Сад для бегонии - Сазанович Елена Ивановна. Страница 20
– Ты так изменился, Ромка, – я улыбнулась.
– А ты не меняешься, королева. Ты все такая же красавица. И красивее стать уже невозможно. Ты – идеал красоты.
– Ромка…
Мы крепко обнялись.
Локарев мялся у входа, держа в руках сумку и охапку роз.
– Я думал, ты попала в беду, королева. А ты, оказывается, что-то празднуешь? – Ромка кивнул на Локарева.
– Познакомься, Ромка. Это мой новый друг. Костя… Кстати, ты угадал. Мы попали в беду.
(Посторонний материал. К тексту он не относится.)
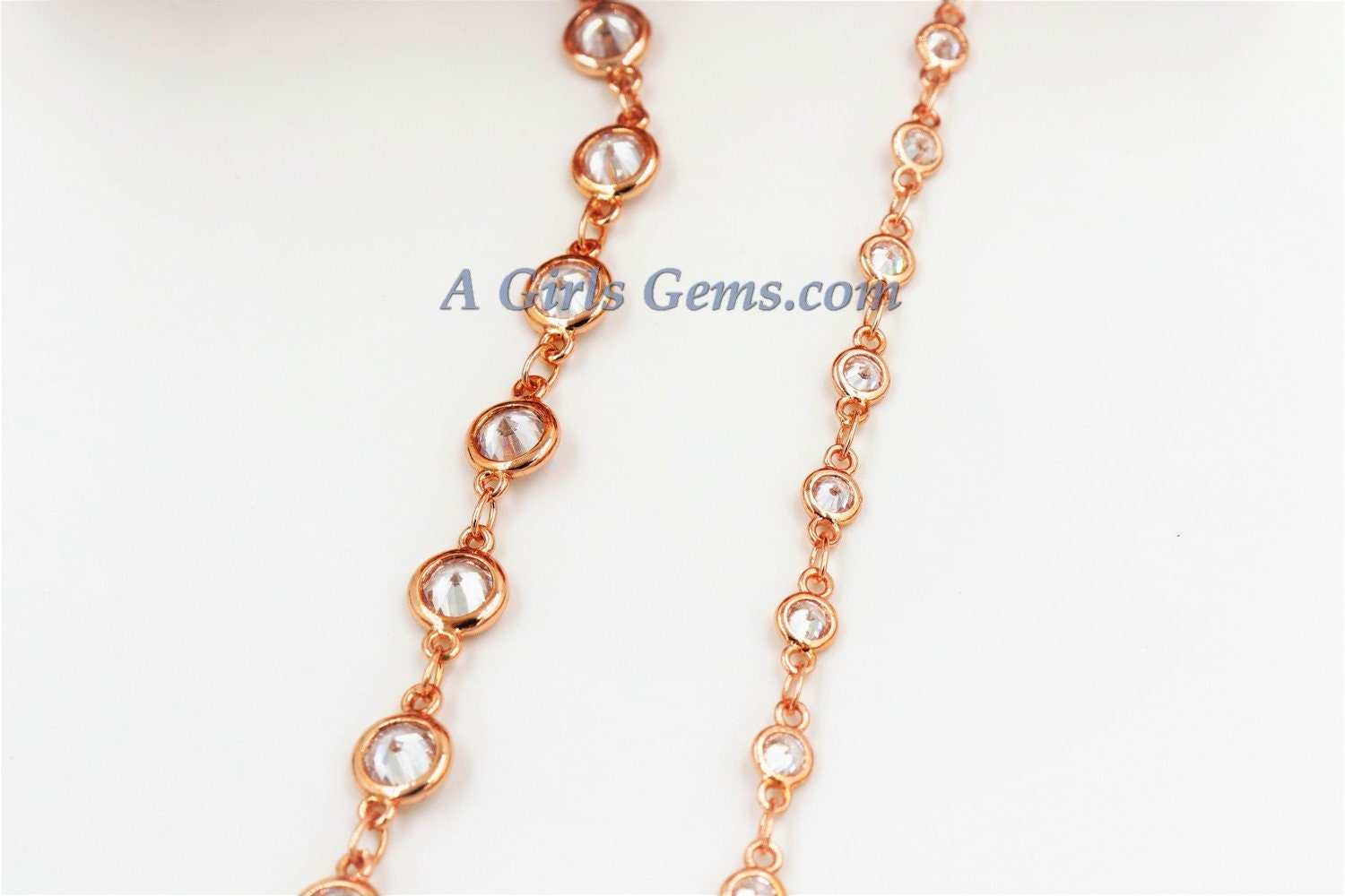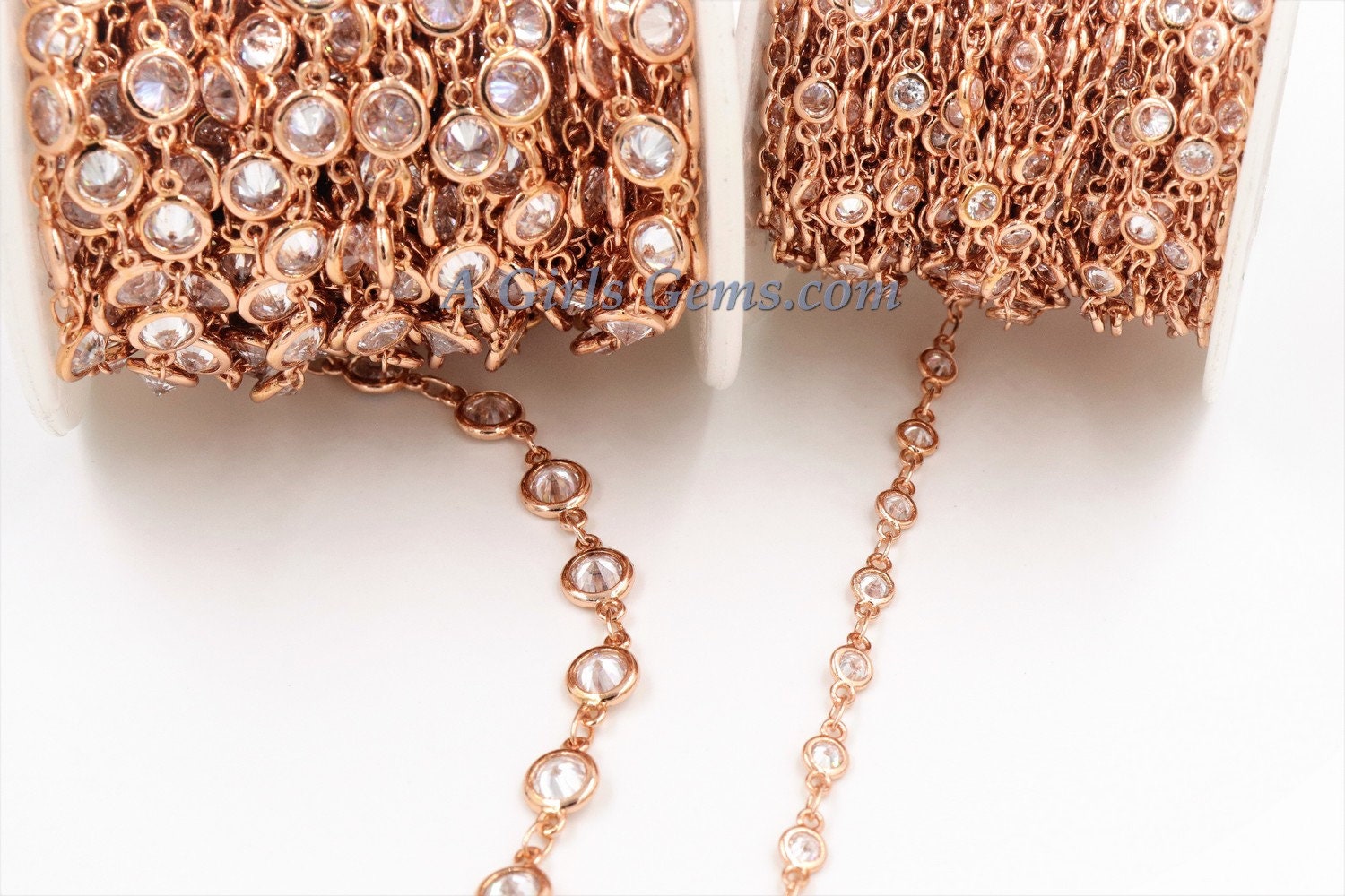 Rose Gold CZ Chain By The Foot, 4 or 6 mm CZ Rosary Chain, Geniune Cubic Zirconia Connector Linking Chains, DIY Bracelets or Necklaces.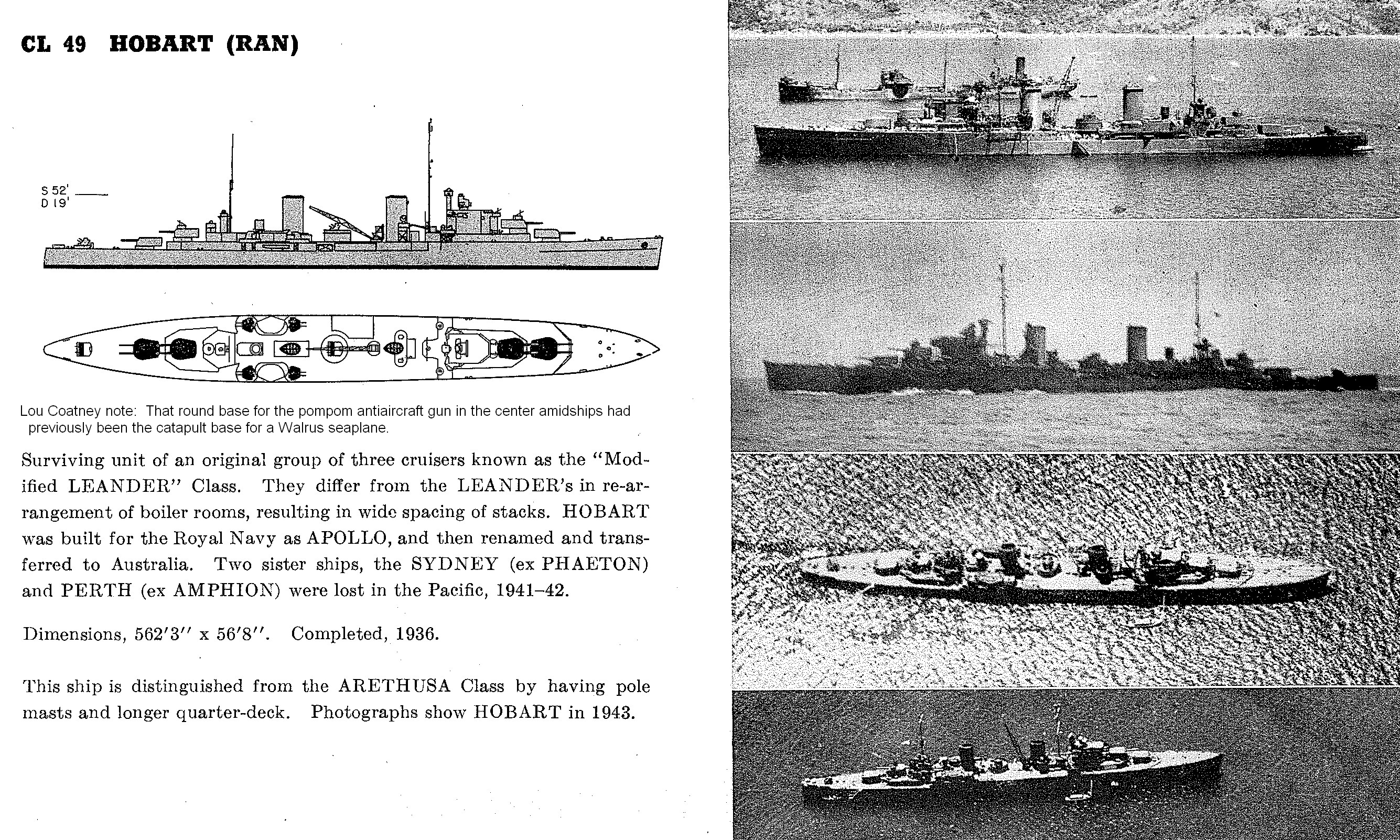 These were the last of the British prewar light cruisers with only twin 6" gun turrets. They had a little more space, and they were given to Australia.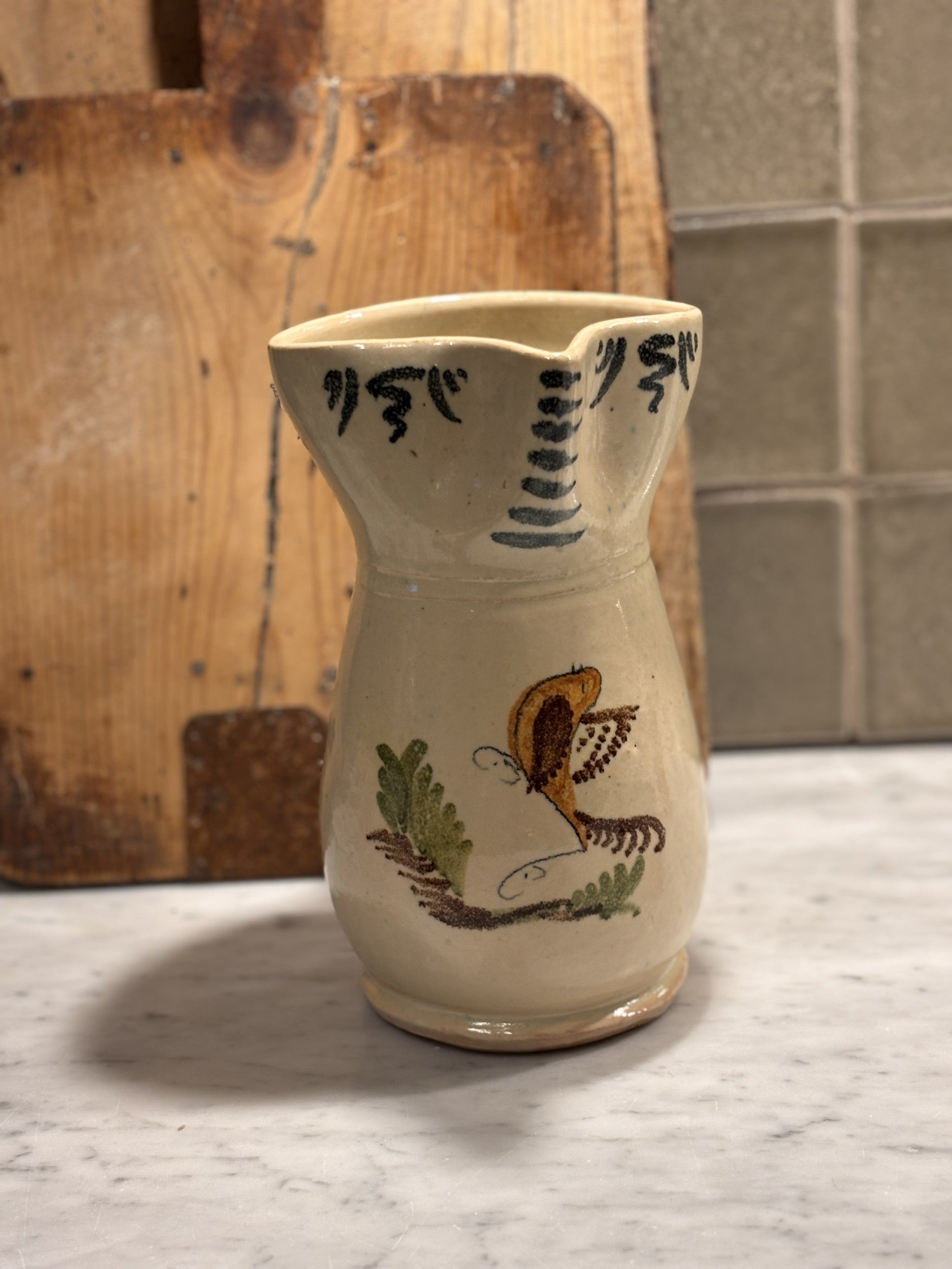 Nydelig hånddekorert karaffel med mønster fra Puglia, Italia. Over 100 år gammel.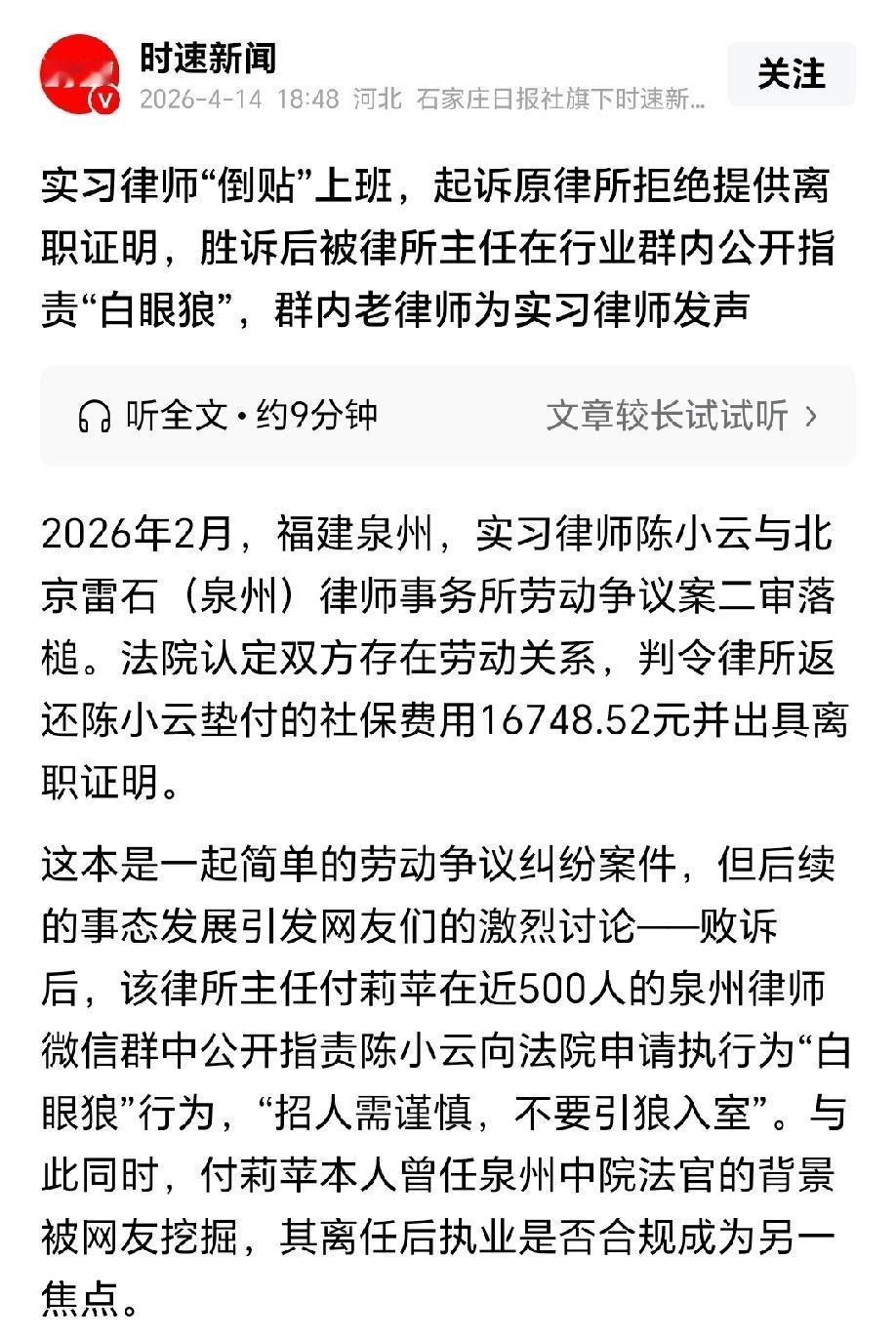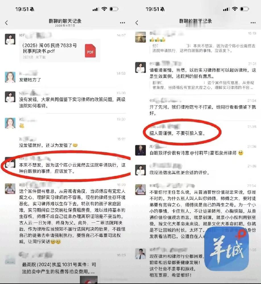2026年4月,律所主任付某在一个近500人的泉州律师微信群里,发出了法院的判决书,还配文指责陈女士是个白眼狼,不让其他律所“引狼入室”。

И это всего-навсего пир во время чумы.
Наконец Локарев освободился от своей ноши. И они с Ромкой крепко пожали друг другу руки. Великий певец и миллионер Локарев. И безродный мальчишка, почти уголовник Ромка.
– Вы извините за беспорядок, – Ромка обвел глазами свою простенькую квартиру.
Видно, ему стало неловко. И не столько перед своей королевой. Которую он хорошо изучил. И которая плевала на всякие беспорядки. Сколько перед Локаревым. В котором несмотря на довольно помятый. Небритый вид. Все равно проскальзывал блеск.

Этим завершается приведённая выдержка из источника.